START Source data
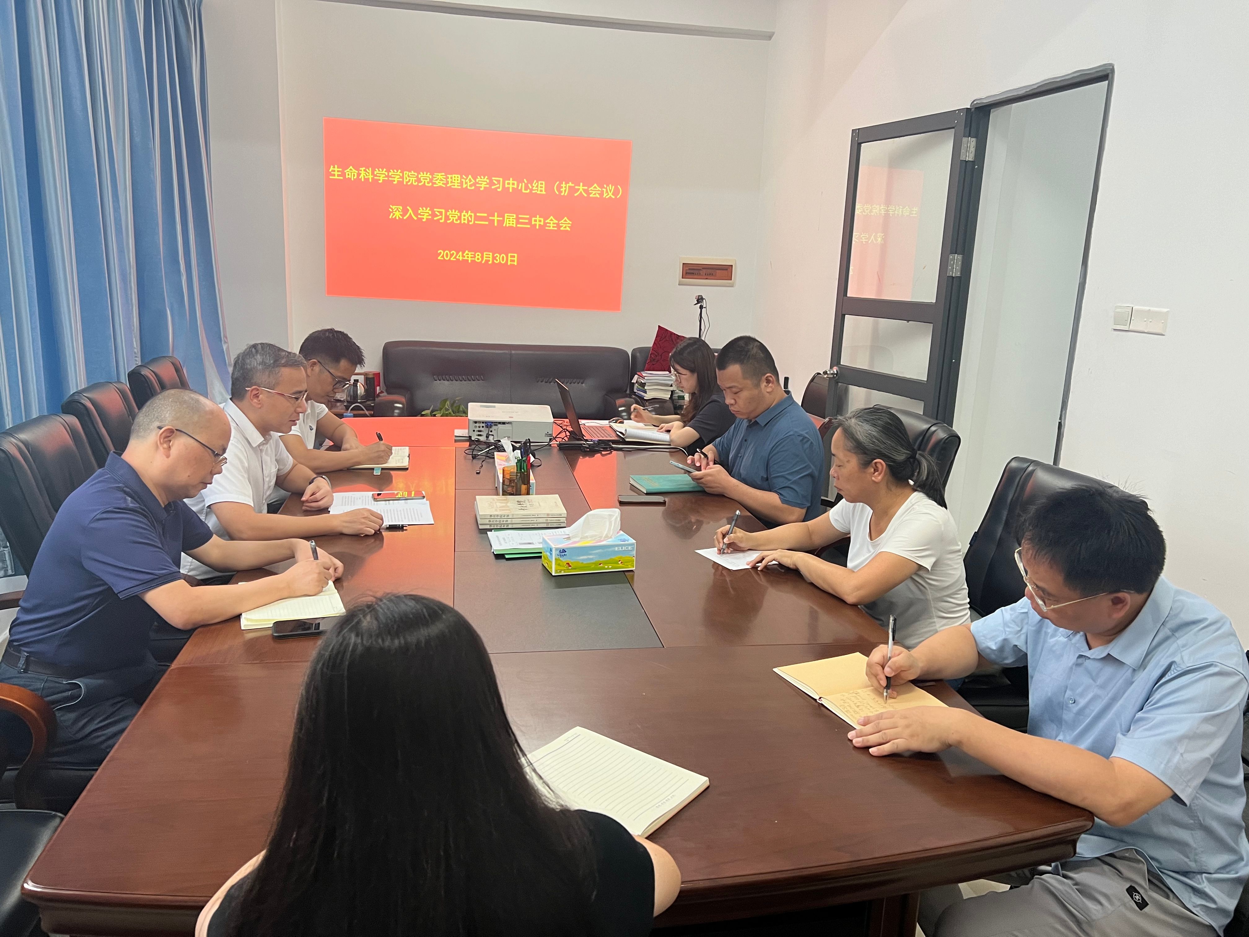 8月30日上午,公司党委理论学习中心组在学院学术会议室开展集中学习,专题学习党的二十届三中全会精神和习近平总书记在党的二十届三中全会上的重要讲话精神。公司党委书记黄剑青领学,副书记邱兴和、副经理刘拥海以及各党支部书记参与会议,有关同志深学细悟全会精神。
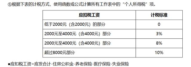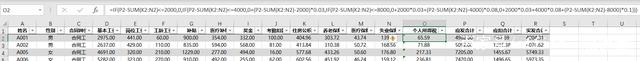 函数公式: =IF(P2-SUM(K2:N2)<=2000,0,IF(P2-SUM(K2:N2)<=4000,0+(P2-SUM(K2:N2)-2000)*0.03,IF(P2-SUM(K2:N2)<=8000,0+2000*0.03+(P2-SUM(K2:N2)-4000)*0.08,0+2000*0.03+4000*0.08+(P2-SUM(K2:N2)-8000)*0.1)))
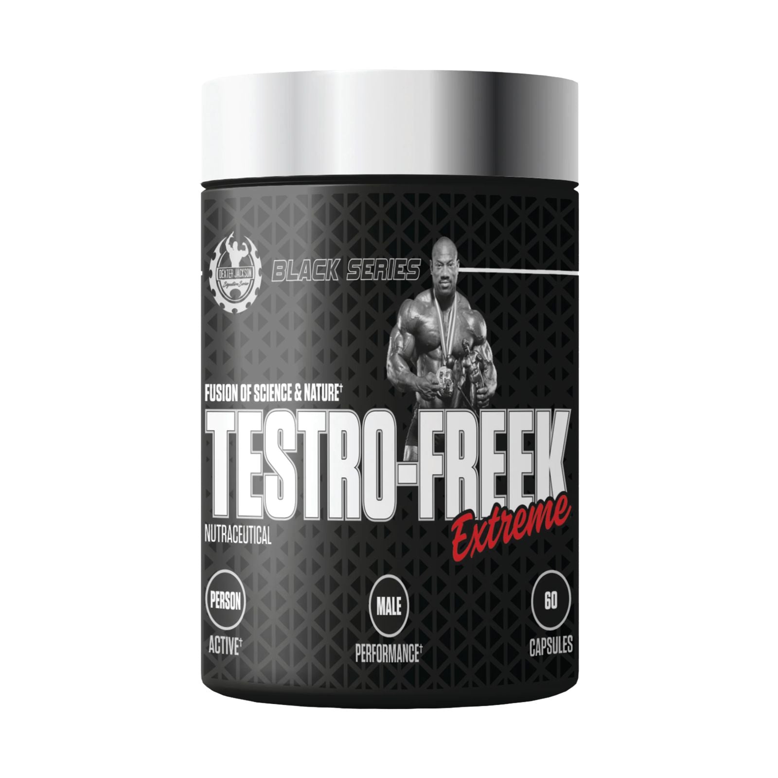 Fuel your fitness journey with Dexter Jackson Black Series Testro-freek Extreme 60 Veg Capsules. Try Testro-Freek Extreme today! Dexter Jackson Black Series Testro Freek Extreme 60 Veg Capsules BLACK SERIES TESTO FREAK is a men's testosterone booster. This advanced formula naturally supports male performance, endurance, strength and testosterone, with the added benefit of hormone regulators. *
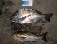 サイズは40cmにやや足りない程度。日中に出るクロダイよりは一サイズ大き目なのは夕マズメだからこそかな?石井氏に久々に(笑)写真を撮ってもらい、二人して顔を見合わせすぐさま戦闘再開(再笑)。
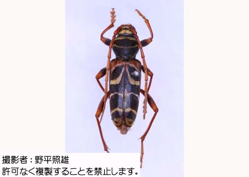 前胸は丸く膨らみ、背面は平坦である。翅は細長で、後方へ狭まる。触角は長く、オスは翅の端にまで達する。黒褐色の体に黄みを帯びた斑紋は、鮮やかである。 |
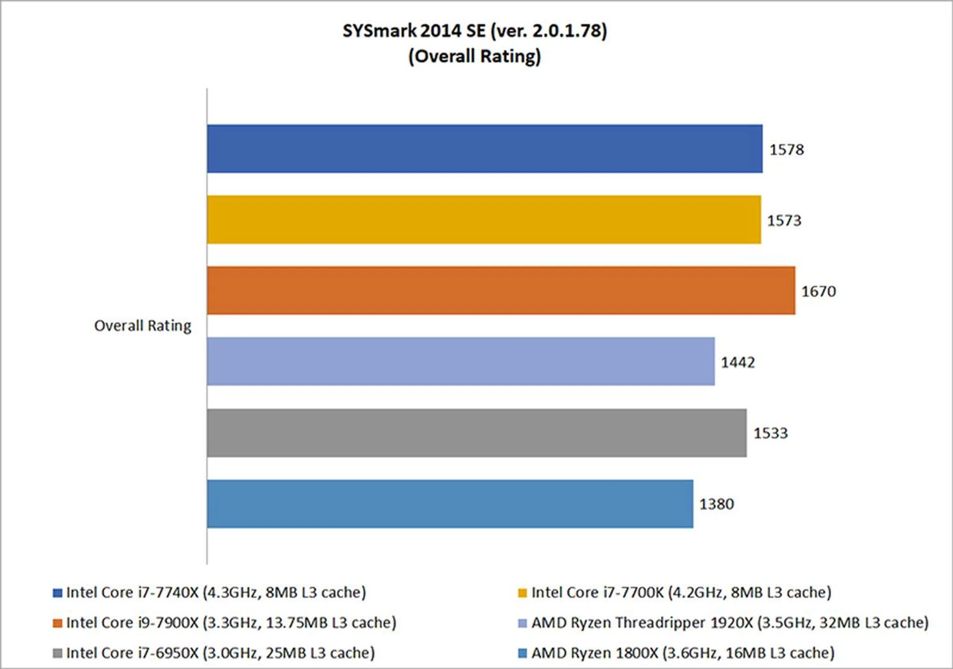The Core i7-7740X was again second to only the Core i9-7900X, but this time it beat the Core i7-7700K by nearly 7 per cent. As in SYSmark 2014 SE, the Kaby Lake-X processor had a strong performance in basic computing and productivity tasks such as web browsing, spreadsheets, and work productivity.
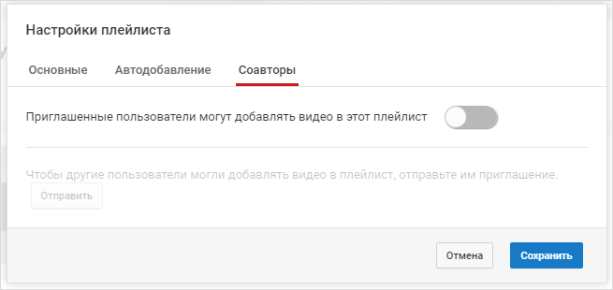 Последняя вкладка позволяет делать общие плейлисты, в которые приглашённые пользователи смогут добавлять свои видео.
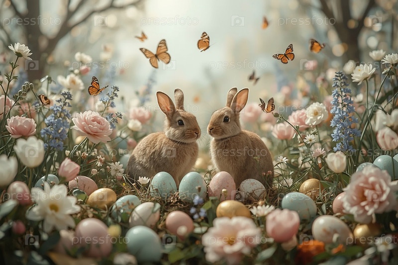 Праздничная открытка или баннер. пасхальные кролики, сидящие на траве с весенними цветами, пасхальными яйцами и бабочками. концепция счастливой Пасхи в 2026 году
END Source data
About this exercise
Reproduce each record from above exactly; pictures do not belong in the copy.

Output of the task
 8月30日上午,公司党委理论学习中心组在学院学术会议室开展集中学习,专题学习党的二十届三中全会精神和习近平总书记在党的二十届三中全会上的重要讲话精神。公司党委书记黄剑青领学,副书记邱兴和、副经理刘拥海以及各党支部书记参与会议,有关同志深学细悟全会精神。
 函数公式: =IF(P2-SUM(K2:N2)<=2000,0,IF(P2-SUM(K2:N2)<=4000,0+(P2-SUM(K2:N2)-2000)*0.03,IF(P2-SUM(K2:N2)<=8000,0+2000*0.03+(P2-SUM(K2:N2)-4000)*0.08,0+2000*0.03+4000*0.08+(P2-SUM(K2:N2)-8000)*0.1)))
 Fuel your fitness journey with Dexter Jackson Black Series Testro-freek Extreme 60 Veg Capsules. Try Testro-Freek Extreme today! Dexter Jackson Black Series Testro Freek Extreme 60 Veg Capsules BLACK SERIES TESTO FREAK is a men's testosterone booster. This advanced formula naturally supports male performance, endurance, strength and testosterone, with the added benefit of hormone regulators. *
 サイズは40cmにやや足りない程度。日中に出るクロダイよりは一サイズ大き目なのは夕マズメだからこそかな?石井氏に久々に(笑)写真を撮ってもらい、二人して顔を見合わせすぐさま戦闘再開(再笑)。
 前胸は丸く膨らみ、背面は平坦である。翅は細長で、後方へ狭まる。触角は長く、オスは翅の端にまで達する。黒褐色の体に黄みを帯びた斑紋は、鮮やかである。 |
The Core i7-7740X was again second to only the Core i9-7900X, but this time it beat the Core i7-7700K by nearly 7 per cent. As in SYSmark 2014 SE, the Kaby Lake-X processor had a strong performance in basic computing and productivity tasks such as web browsing, spreadsheets, and work productivity.
 Последняя вкладка позволяет делать общие плейлисты, в которые приглашённые пользователи смогут добавлять свои видео.
 Праздничная открытка или баннер. пасхальные кролики, сидящие на траве с весенними цветами, пасхальными яйцами и бабочками. концепция счастливой Пасхи в 2026 году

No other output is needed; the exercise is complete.